## DATA FOR PROCESSING
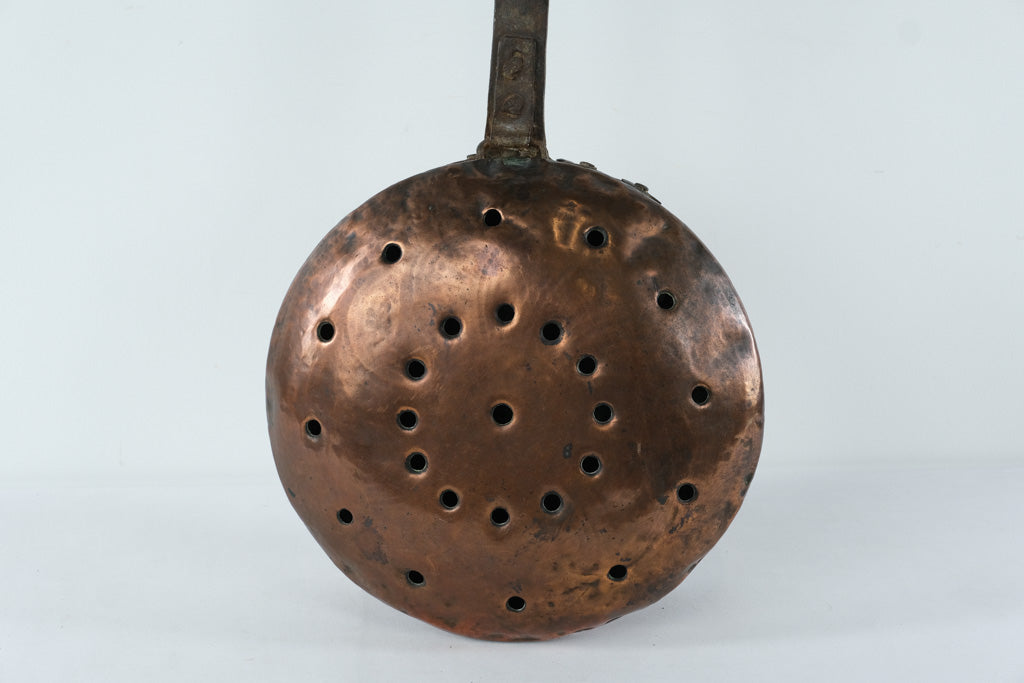 This striking antique copper bed warmer is a wonderful example of traditional European household craftsmanship, likely dating to the 18th–19th century. Used historically to warm linens before retiring for the night, this piece reflects a time when comfort and utility were achieved through skilled handwork and durable materials.
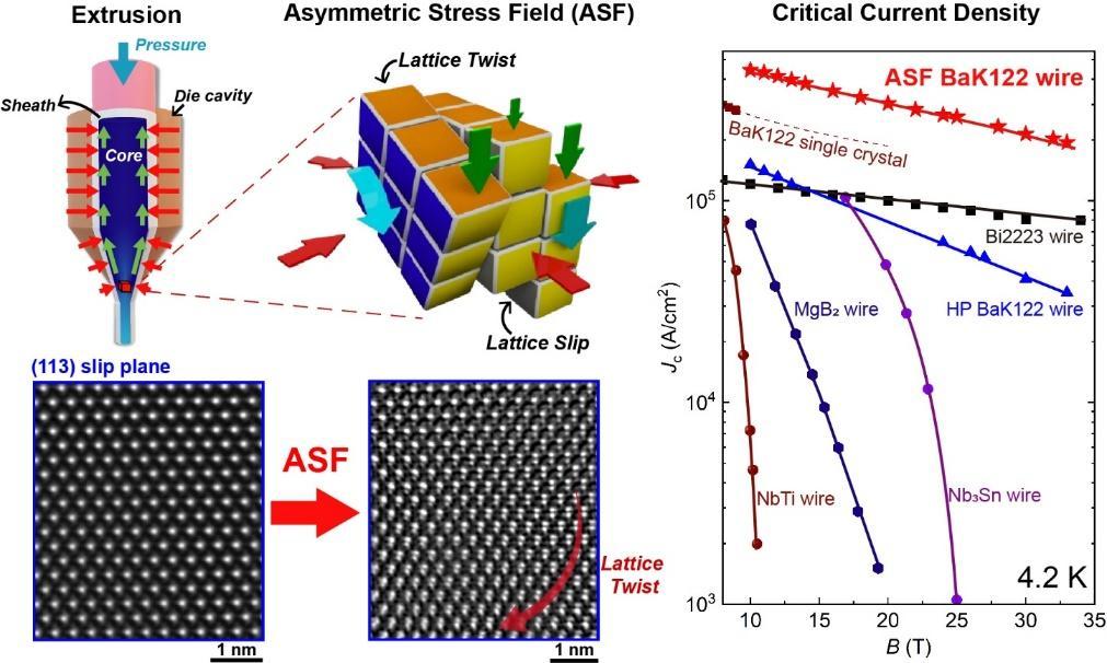 针对该难题,研究团队创新提出“非对称应力场”调控策略,采用规模化挤压成形技术,协同调控静水压力与剪切应力,成功在脆性超导晶格中诱导出高密度、有序排列的位错结构,形成高效磁通钉扎中心,显著提升了材料在强磁场下的电流承载能力。
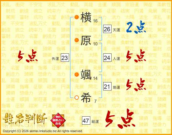横原颯希さんの総運は47画の5点!
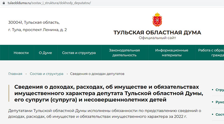 Сведения опубликованы в разделе «противодействие коррупции» на официальном сайте Тульской областной Думы. Ранее там ежегодно публиковались подробные отчеты о доходах и имуществе депутатов.
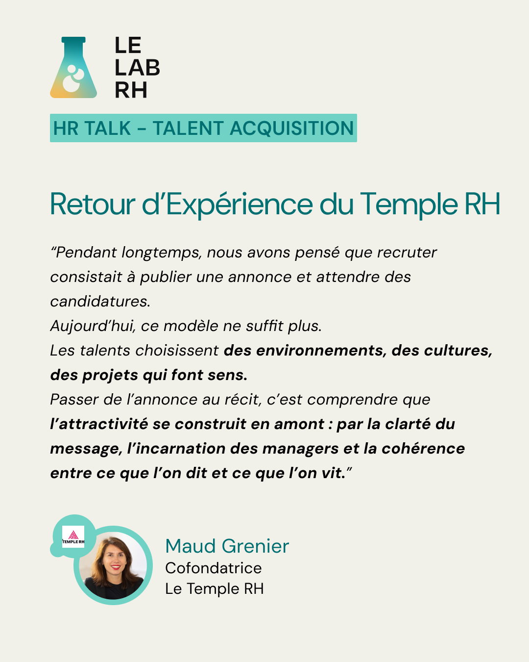 - Maud Grenier, Cofondatrice du Temple RH, nous a proposé un format court et percutant : “De l’annonce au récit : attirer les talents par la communication RH”.
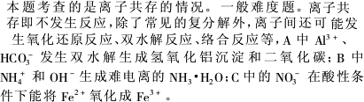 C.H3O+、、Fe2+、Na+ D.K+、、、OH-
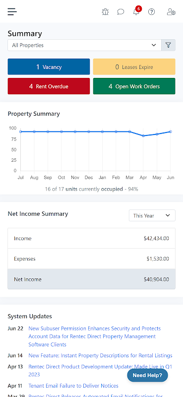 Kunden von Rentec Direct können auf ihren Mobilgeräten bequem und mühelos auf wichtige Informationen zu ihren Immobilien, Mietern und Wartungsanfragen zugreifen und so ihre Immobilienverwaltungsgeschäfte von jedem Ort aus effektiv verwalten.
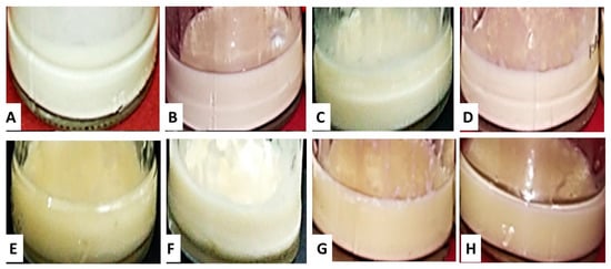 Texture of the Cedrela odorata essential oil (10%) and water (75%) mixture after their emulsification with different mixtures (15%) of the surfactants Tween 80 and Span 20. Hydrophilic–Lipophilic Balance (HLB) value of the surfactant mixtures: (A) 8.98; (B) 10.01; (C) 10.46; (D) 10.78; (E) 11.03; (F) 11.48; (G) 12.06; and (H) 12.89.

## WHAT YOU NEED TO DO
Without the pictures, reproduce every record exactly as it appears above.

## EXERCISE RESPONSE
 This striking antique copper bed warmer is a wonderful example of traditional European household craftsmanship, likely dating to the 18th–19th century. Used historically to warm linens before retiring for the night, this piece reflects a time when comfort and utility were achieved through skilled handwork and durable materials.
 针对该难题,研究团队创新提出“非对称应力场”调控策略,采用规模化挤压成形技术,协同调控静水压力与剪切应力,成功在脆性超导晶格中诱导出高密度、有序排列的位错结构,形成高效磁通钉扎中心,显著提升了材料在强磁场下的电流承载能力。
横原颯希さんの総運は47画の5点!
 Сведения опубликованы в разделе «противодействие коррупции» на официальном сайте Тульской областной Думы. Ранее там ежегодно публиковались подробные отчеты о доходах и имуществе депутатов.
 - Maud Grenier, Cofondatrice du Temple RH, nous a proposé un format court et percutant : “De l’annonce au récit : attirer les talents par la communication RH”.
 C.H3O+、、Fe2+、Na+ D.K+、、、OH-
 Kunden von Rentec Direct können auf ihren Mobilgeräten bequem und mühelos auf wichtige Informationen zu ihren Immobilien, Mietern und Wartungsanfragen zugreifen und so ihre Immobilienverwaltungsgeschäfte von jedem Ort aus effektiv verwalten.
 Texture of the Cedrela odorata essential oil (10%) and water (75%) mixture after their emulsification with different mixtures (15%) of the surfactants Tween 80 and Span 20. Hydrophilic–Lipophilic Balance (HLB) value of the surfactant mixtures: (A) 8.98; (B) 10.01; (C) 10.46; (D) 10.78; (E) 11.03; (F) 11.48; (G) 12.06; and (H) 12.89.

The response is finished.